As development work continues in the presence of a known bug, new dependencies on the code where the bug lives are likely to be added. Sometimes these dependencies will be on bug itself. Often, this happens without the developers realizing it. In general, as a piece of code acquires dependencies, it becomes riskier to change. I think this is even more true of bug-ridden code.

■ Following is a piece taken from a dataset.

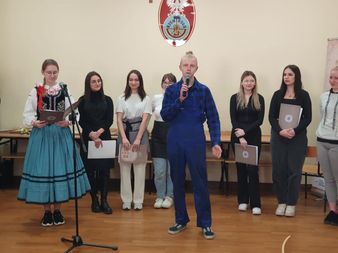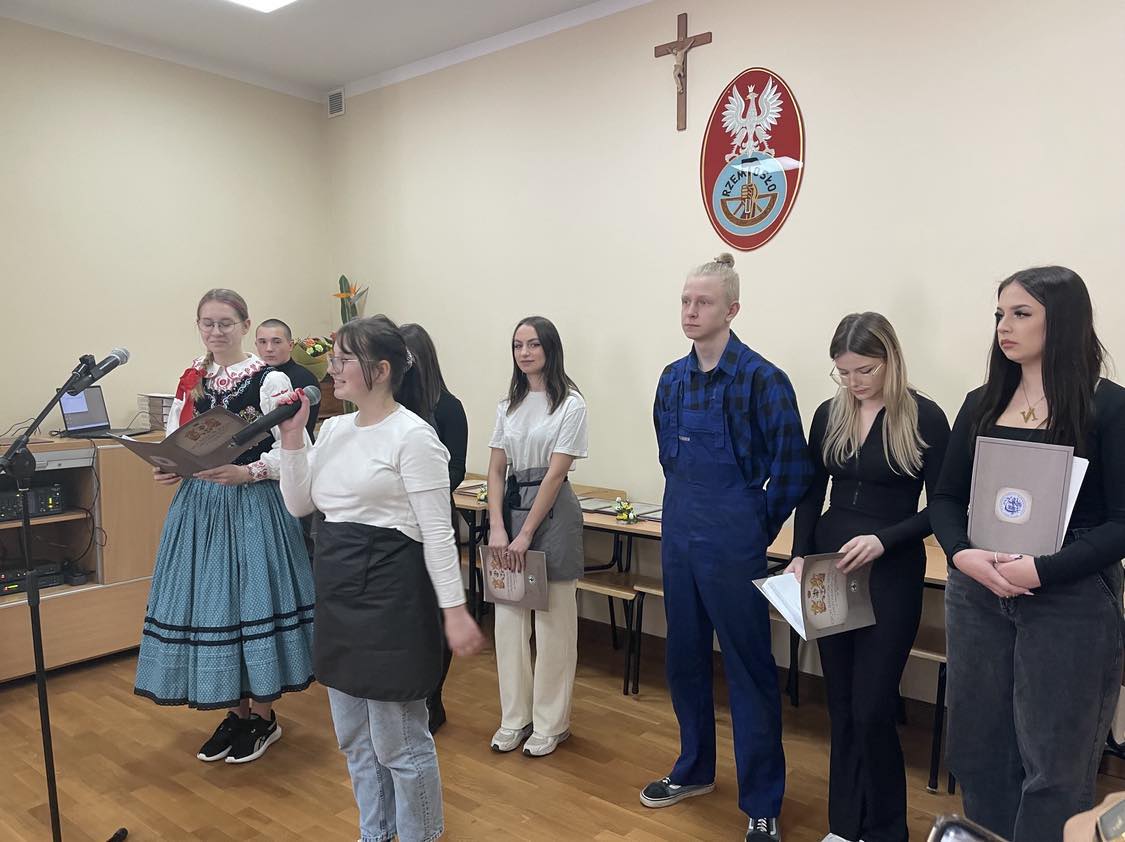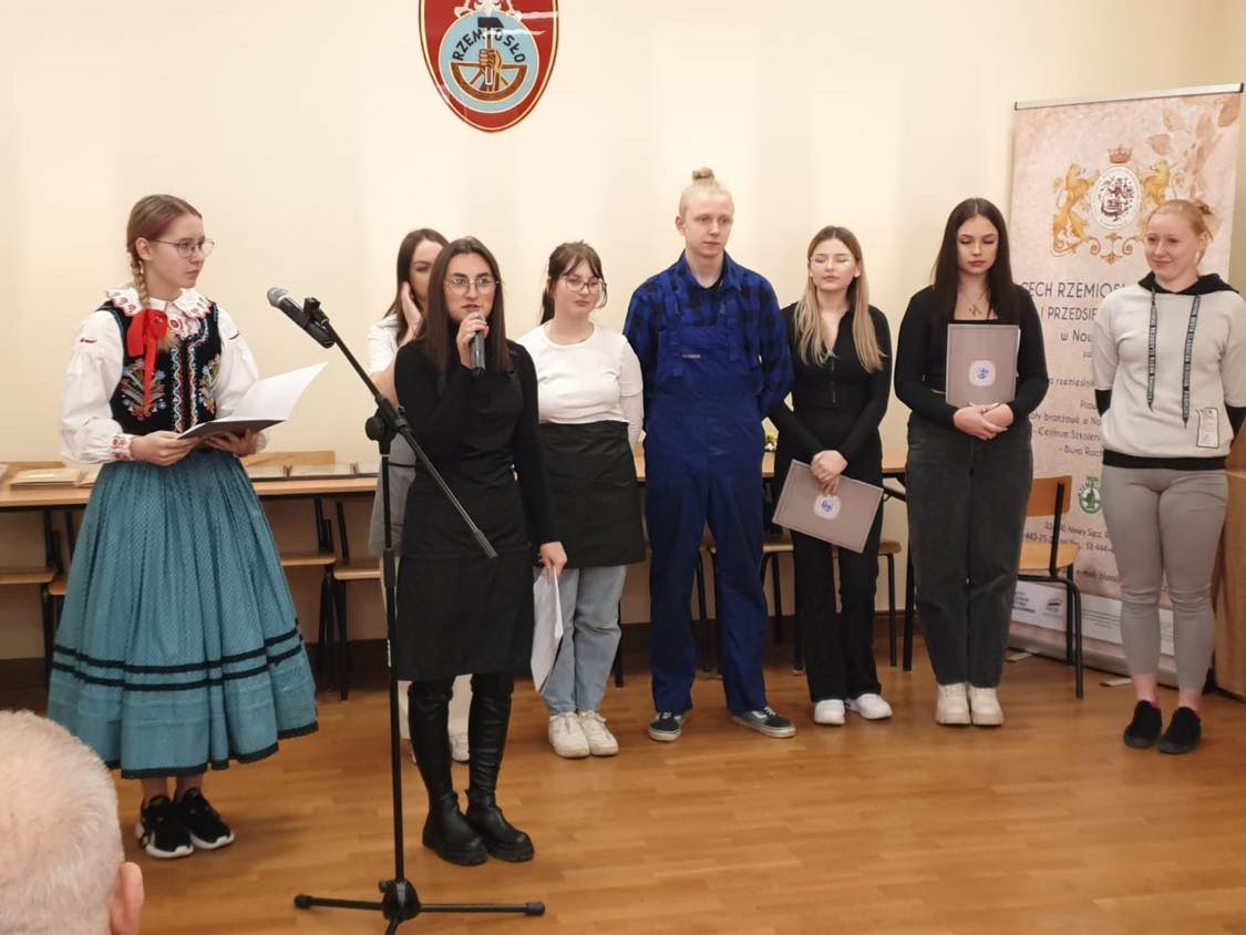 Młodzież Rzemieślniczej Branżowej Szkoły I st. im. Św. Józefa w Nowym Sączu pod kierunkiem p. Eweliny Skowron-Ściurki przedstawiła bardzo wzruszającą akademię. Słowami znanych melodii młodzi rzemieślnicy podziękowali swoim mistrzom za naukę zawodu. Szkolne koło artystyczne przygotowało dla wszystkich uczestników stroiki wielkanocne.

So, the longer you wait before fixing the bug, the more risk is introduced in fixing it. When the risk of fixing a bug increases, the reaction of most developers is to stick with the potential fix that appears least risky (even if there is a 'better' alternative).

A Brief Aside

Okay, I've used a dangerous word: 'better'. Anytime someone uses evaluative words like 'good', 'bad', 'better', or 'worse' without qualifying them with a context, I get suspicious. So here's my context:

Kent Beck makes a distinction between code quality and code health in this talk. I think this is an important distinction to make. Code quality relates to the number of bugs in your code, and how well it does what it's supposed to do. Code health refers to your code's ability to react to change. It relates to how well-factored your code it. You can just call it maintainability if you want.

The reason this distinction is important is that its possible to improve code quality without improving code health. In fact, it's quite easy to improve code quality while reducing code health. Since code health is extremely desirable, I would assert that a fix that improves code quality and code health is better than one that improves code quality but reduces code health.

Back to Our Regularly Scheduled Program

Now we're getting down to the point. When you put off a bug fix, you are going to feel pressure to go with the (perceived) less risky solution later (the quick hack that fixes the bug but reduces code health). And lets face it, most of us are not good with dealing with pressure. If we were, we would probably insist on fixing the bug now rather than later in the first place.

So not only are you going to take longer to fix the bug later, you're going to take on technical debt, and all the pain and suffering (and reduced velocity) that technical debt entails.